The Negatives of Combining Federal and Private Loans Through Refinancing
While these loan alteration options provide ways to save money or lower monthly payments, there are several perks that can be lost when choosing to refinance and consolidate - either federally or privately. One must always keep in mind that consolidation and refinancing is irreversible, so the pros and cons of each must be kept in mind.
As mentioned earlier, consolidating federal student loans nullifies certain benefits, and private refinancing student loans can pose similar risks. There are borrower benefits such as loan forgiveness and loan deferment that are essentially taken away upon loan consolidation or refinancing with a private lender.

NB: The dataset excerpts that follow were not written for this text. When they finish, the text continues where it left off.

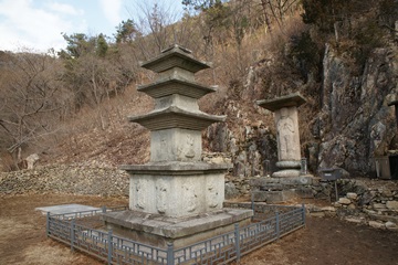 보물 제945호 금둔사지 삼층석탑. 뒤편으로 석불비상이 보인다.
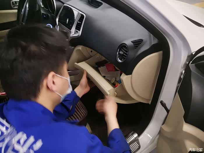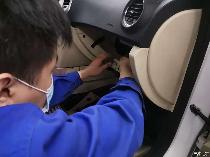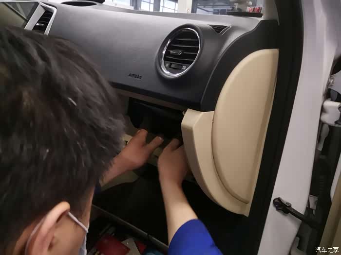 拆下固定的卡扣,小哥哥准备取下手套箱
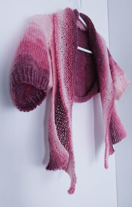 The shrug is worked sleeve to sleeve and the hem (or collar) is worked in later. No seams!
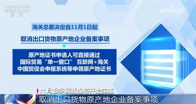 海關總署決定自11月1日起,取消出口貨物原產地企業(yè)備案事項,原產地證書申請人可直接通過國際貿易“單一窗口”“互聯網+海關”、中國貿促會申報系統(tǒng)等申領原產地證書,進一步優(yōu)化跨境貿易營商環(huán)境,提升貿易便利。
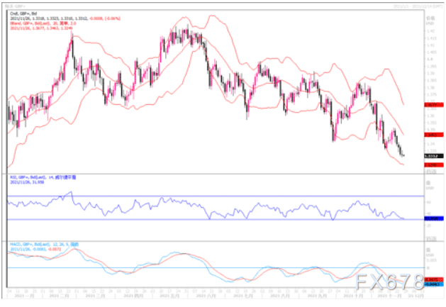 英镑兑美元难以保持盘整温和涨幅,并在周四刷新了今年以来的低点1.3306。尽管美元出现了一些获利回吐下滑,但英国退欧的好坏参半的信号还是在高水平吸引了空头。最新迹象表明,英国脱欧后英国与欧盟的关系不会很快进一步破裂,这给英镑带来了一些支持。这一点,再加上对英国央行将在12月加息的预期增强,帮助英镑/美元在周四交易活动的早期获得一些积极的动能。另一方面,美元在最近强劲上涨至16个月高点后出现了一些获利了结,这也推动了英镑兑美元汇率早盘上扬。尽管如此,英法两国在脱欧后的捕鱼权问题上不断恶化的争吵,限制了英镑的任何有意义的上涨。最新的进展是,据报道,法国渔民计划阻止英国船只进入法国港口,以抗议英国拒绝向他们发放更多在英国领海作业的许可证。基本面背景仍有利于做空交易员。英镑兑美元在1.33水平承压,1.3350 - 55区间将作为阻力位英镑从上周未能突破1.35后跌向1.33。英镑连续5天下跌,相对强弱指数(RSI)接近超卖,如果跌势延续至1.33下方,RSI的超卖可能在未来几天阻止对1.32的测试。但调整过后仍有进一步下跌看向1.30的可能性。

Protections are taken away as well. For instance, if the borrower loses a job while paying off a privately consolidated or refinanced loan, there is not much that borrower can do to stall monthly payments. When looking at private loan refinancing, one may benefit by looking into an unemployment protection option.
Federal disability protections are also nullified. If there is an accident that stops income, some loan options provide protections that defer payments until recovery. These protections may be lost when choosing to refinance or consolidate loans with a private lender.
Those looking to bind their incomes to their loan payments can find themselves losing such options after refinancing and consolidation loans. Income-based loan payment options are normally not included for refinancing or consolidation packages through a private lender. Federal student loans, however, are automatically eligible for Income-driven repayment plans.
In addition, those looking to take advantage of federal student loan forgiveness programs also lose eligibility when refinancing with a private lender. It should be noted, however, that these federal programs have very strict eligibility requirements, and most borrowers are not eligible.
Lastly, there are strict requirements plague anyone trying to refinance a student loan. The borrower typically must be employed with enough savings to cover one month minimum of payments as well as good payment history. Income must be enough to cover the loans as well as daily expenses. There are various other potential requirements; for instance, the loan must be for a Title IV accredited school and for a degree that is completed. There are various other requirements that may potentially bar anyone from receiving refinancing services.
Think of it this way: refinancing and consolidating a loan is like starting on a clean slate; this clean slate applies to previous loan benefits as well as previous loan interest rates and payment periods.
While there are certainly cons to refinancing or consolidating loans, sometimes the necessity to alter the loan repayment deal outweighs these negatives.
Choosing to consolidate loans may make things easier deal with, but it seems foolish to extend payments over time which leads to overall increases in interest payment. These consequences cannot be avoided if there is an immediate need to lower monthly payments. Losing benefits is another negative on top of the raised interest debt. Federal consolidation will not save you money.
Private student loan refinancing and consolidation, alternatively, seems much more plausible with its competitive market driving interest rates. The same problems with loan benefits arises. Borrowers who refinance with a private lender will lose eligibility for certain federal protections and programs, though most of these are very hard to qualify for. Overall, private student loan refinancing and consolidation can save borrowers tons of money - just be sure that know what federal benefits you will be losing.
If you are considering private student loan refinancing, fill out our free application today to compare prequalified quotes from the leading lenders in the industry.
Both methods have pros and cons (this would not be an issue if otherwise), and it comes down to figuring out the correct set of flaws and benefits for a certain financial situation.